4.3.1.1 Parkinson’s Disease (PD)

Many movement disorders can be caused by abnormal functioning of the central and peripheral nervous systems. Long-term monitoring of the gait has been cited as a valuable tool in assessing patients suffering from Parkinson’s disease. Moore et al. (Moore et al. 2007) have developed such a system. They used an ankle-mounted wireless sensor to capture every stride over 10-h epochs. They have shared results from five patients suffering from PD and demonstrated the efficacy of long-term gait monitoring in the home environment.

Based on the hypothesis that acceleration measurements are reliable predictors of motor activity and can also be used as a classifier for normal and abnormal gait activity in patients suffering from PD, in 2004, Bonato et al. (Bonato et al. 2004) proposed nonlinear data mining approaches to detect the motor fluctuations associated with the manifestation of PD. They explored parameters like fractal estimates, approximate entropy values, and correlation dimension estimates and showed their association to tremors. For the collection of data for their study, accelerometer (ACC) and surface electromyographic (EMG) signals were recorded while patients were asked to perform a set of activities (sitting, finger-to-nose, tapping, sit-to-stand, walking, and stand-to-sit). They placed ACCs in the right and left upper arm, forearm, thigh, sternum, and right shin. In addition, they placed EMG sensors on the left and right biceps brachii, right erector spinae, right vastuslateralis, and right tibialis anterior. The EMG and ACC data were acquired with an ambulatory setup. Thus, they showed that data mining techniques coupled with wearable sensor deployments could be powerful tools to classify motor patterns of primary and secondary movement disorders in PD, such as tremor, rigidity, dyskinesia, akinesia, and dystonia in a manner that is both objective and automatic.

4.3.1.2 Tourette Syndrome

Tourette syndrome is a neurological disorder that exhibits as tics in motor and phonic function. The intensity of these tics may vary over time. Diagnosis and evaluation of this disorder require the practitioner to observe several signs, both visual and auditory. These challenges exist despite the definition of clear scoring procedures in the literature like the TS scale. In 2009, Bernabei et al. (Bernabei et al. 2010) analyzed a sample of 12 subjects diagnosed with TS. They used a 3D accelerometer, a wearable actigraph, and a Bluetooth© transmission module with a rechargeable Li-ion battery.

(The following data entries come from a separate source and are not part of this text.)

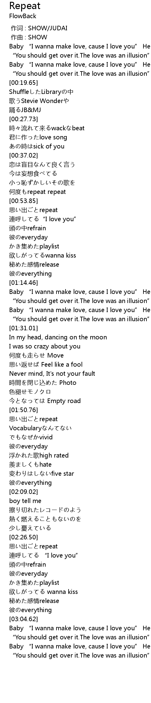 | [00:50.91] | 何度もrepeat repeat |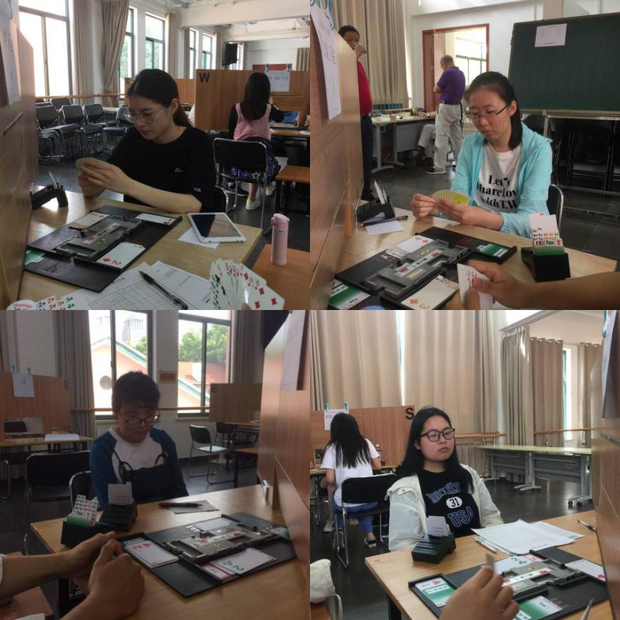 5月25、26日的团体赛中,我校上场了四位桥牌女队队员,其中的一对搭档曾在此前的上海市第十六届运动会桥牌双人赛中取得过第二名的佳绩,而另一对搭档则是初出茅庐的新人。“巾帼不让须眉”,我校队员在牌技上超越了海军军医大学队、上海工大学队,甚至还以微弱优势战胜了同济大学队。牌桌上的她们专心致志,遵守桥牌礼仪,充分体现了桥牌中的绅士之风,如明手摆牌时一定要把牌按照大牌在上、小牌在下排好后,正对庄家摆放;又如做庄家时一定要向同伴道谢,这也正如桥牌普及推广大使的万嗣铨所说,“这是规矩,也是对队友的尊重”。双人赛于26日上午举行,参加比赛的两名队员发挥稳定,获得了第八名的好成绩。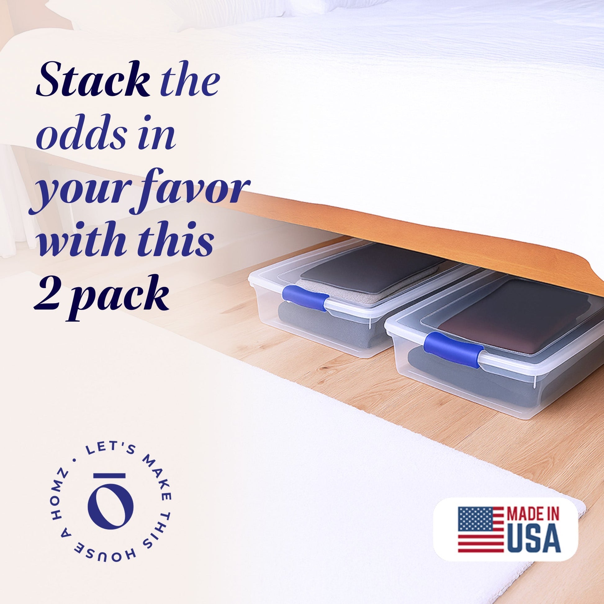 Homz 60 Quart Underbed Secure Latching Clear Plastic Storage Container, (2 Pack)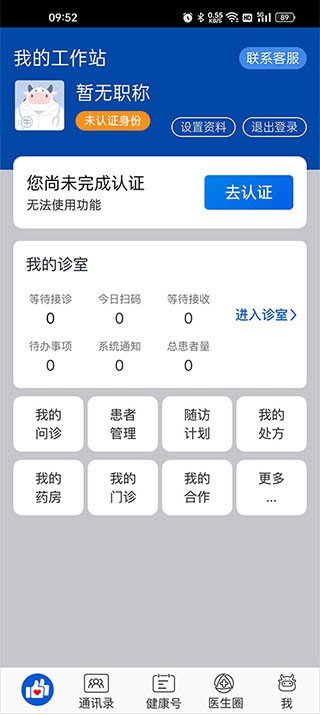 4、上传身份证、医师资格证、医师执业证、工作证即可完成认证。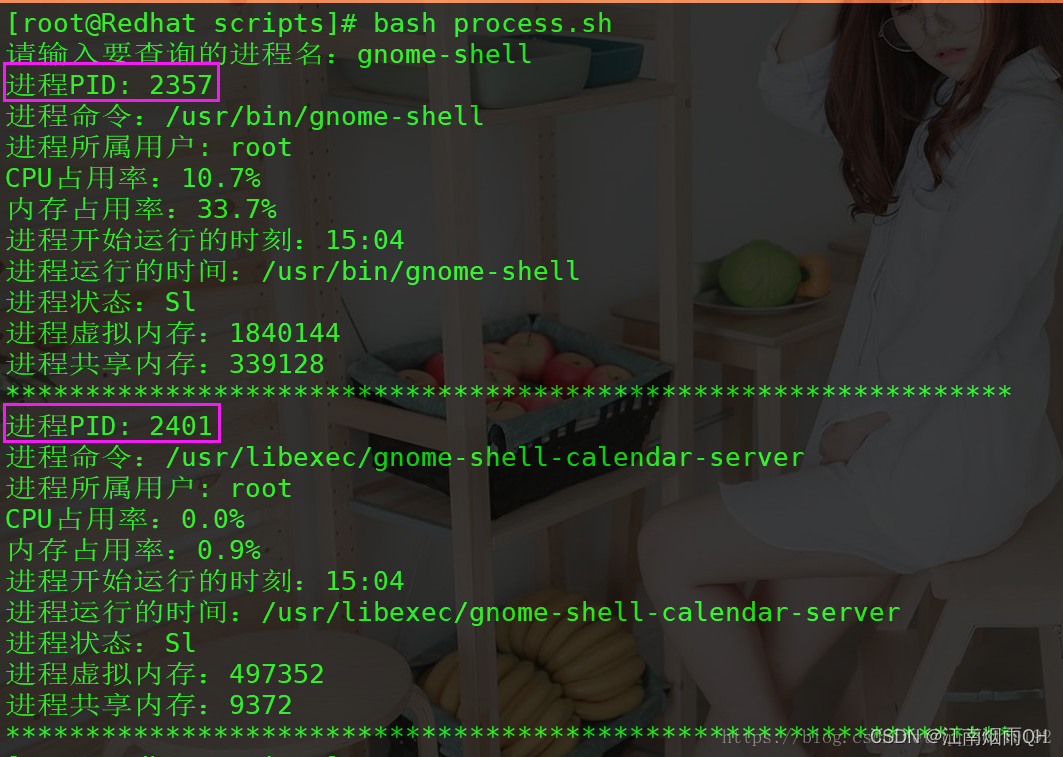 echo "进程所属用户: `ps -aux| awk '$2~/^'$P'$/{print $1}'`"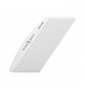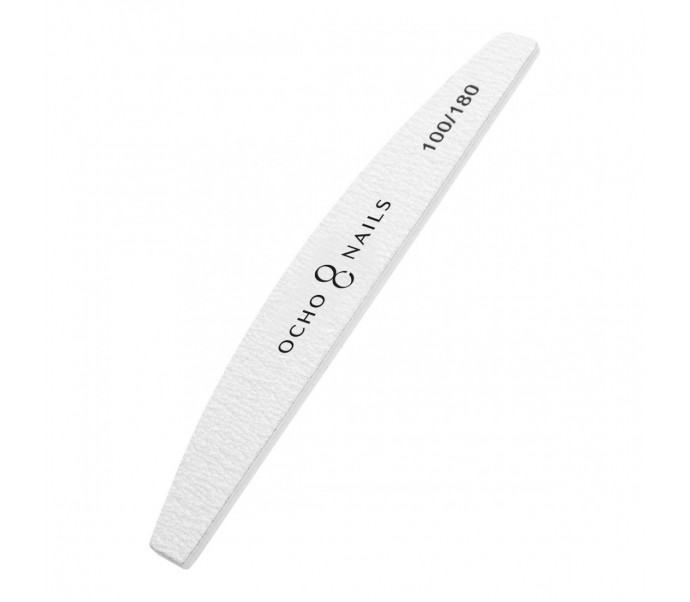 Profesionali Ocho Nails nagų dildė 100/180 gradacijos, pusmėnulio formos – tai būtinas įrankis kiekvienos nagų stilistės darbe. Vidutinės abrazyvumo gradacijos dildė skirta dirbtinių nagų formavimui ir natūralios nago plokštelės paruošimui prieš manikiūro procedūrą.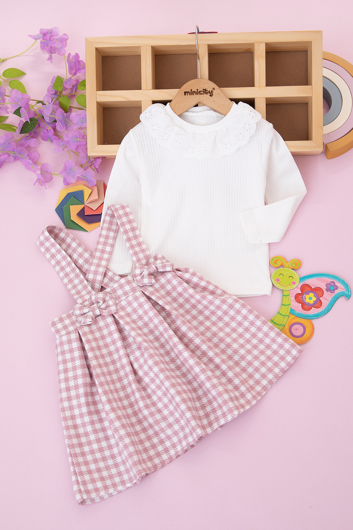 Kız Çocuk Ekose Pileli Takım - 2066 (1-4 Yaş)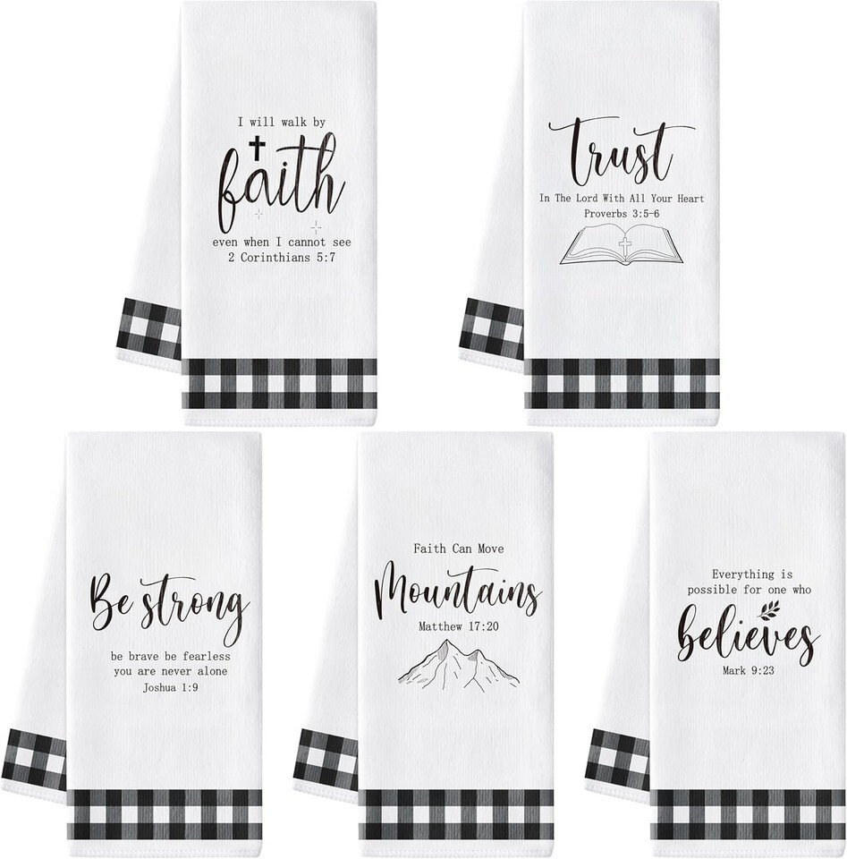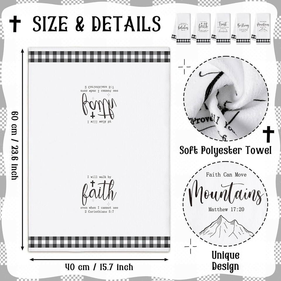 Embrace both functionality and inspiration with this beautiful set of 5 high-quality Christian kitchen towels. Each towel measures 14.6 x 27.7 inches, designed not just to absorb but also to uplift your spirit.

They post-processed the signal using nonlinear median filtering and an adaptive thresholding technique to differentiate abnormal tics from normal movements. They demonstrated that with specific frequency and threshold criteria, a wearable device could differentiate between normal and abnormal tics with an overall sensitivity, specificity, and accuracy of (mean ± SD) 75 ± 10%, 70 ± 15%, and 74 ± 14%, respectively.

4.3.2 Neonatal Care

In neonatal care, wearable monitoring systems based on sensorized textiles are desired due to two reasons: (1) traditional sensors use adhesives that are usually harsh on the skin of newborn children and (2) traditional monitoring systems have several wires that impede parent’s access to the newborn, which is known to be important for the development of newborn children. The wearable system for newborn children can be in the form of a pajama, as described by Andreoni et al. (Andreoni et al. 2011). They have conducted a comprehensive survey on the choice of yarn applied to sensitive pajamas. The yarn consisted of different proportions of silver. The quantity of silver in the yarn was optimized for conductivity. The pajamas were connected to a wireless transmission device. The system composed of these two components was compared against standard Ag-AgCl adhesive electrodes and was shown to give excellent and reliable electrocardiographic measurements.

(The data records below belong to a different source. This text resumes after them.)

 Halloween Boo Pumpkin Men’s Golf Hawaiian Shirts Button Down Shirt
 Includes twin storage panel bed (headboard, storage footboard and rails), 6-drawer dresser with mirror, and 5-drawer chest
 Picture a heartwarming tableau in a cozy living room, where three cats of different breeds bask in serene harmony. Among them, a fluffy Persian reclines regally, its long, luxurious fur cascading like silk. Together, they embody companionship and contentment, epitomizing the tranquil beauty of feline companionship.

4.3.3 Blood Flow Monitoring

Kuwabara et al. have designed and implemented a new appcessory for monitoring peripheral blood flow in daily life. An appcessory is a combination of a smart device app and an accessory.

Their motivation comes from the fact that blood flow in the peripheral arteries can give us a great deal of understanding into an individual’s physical and mental state. Moreover, blood flow is traditionally measured using laser Doppler equipment that is of a desktop form factor at this time. Their design is small, lightweight, and wearable. The smart device app that they have designed offers real-time data visualization and supports cloud connectivity to provide advanced data processing capabilities. The accessory is connected to the intelligent device wirelessly through low-energy Bluetooth. Through their use of Bluetooth low-energy and intermittent signal processing algorithms, they were able to have appcessory operation times of more than 24 h (Kuwabara et al. 2014).

4.3.4 Sports Monitoring

Both the general population and athletics teams have greater access to wearable devices and sensors that provide performance and body state metrics. For example, functional movement sequences, workloads, and biometric markers can all be used to gather information during training and provide valuable feedback to athletes that can reduce the risk of injury and improve their performance. Wearable devices used to observe movement can include pedometers, goniometers, accelerometers, gyroscopes, and global positioning satellite (GPS) devices. In addition to the movement measuring systems, physiological sensors measure heart rate, sleep quality, temperature sensors, and integrated sensors.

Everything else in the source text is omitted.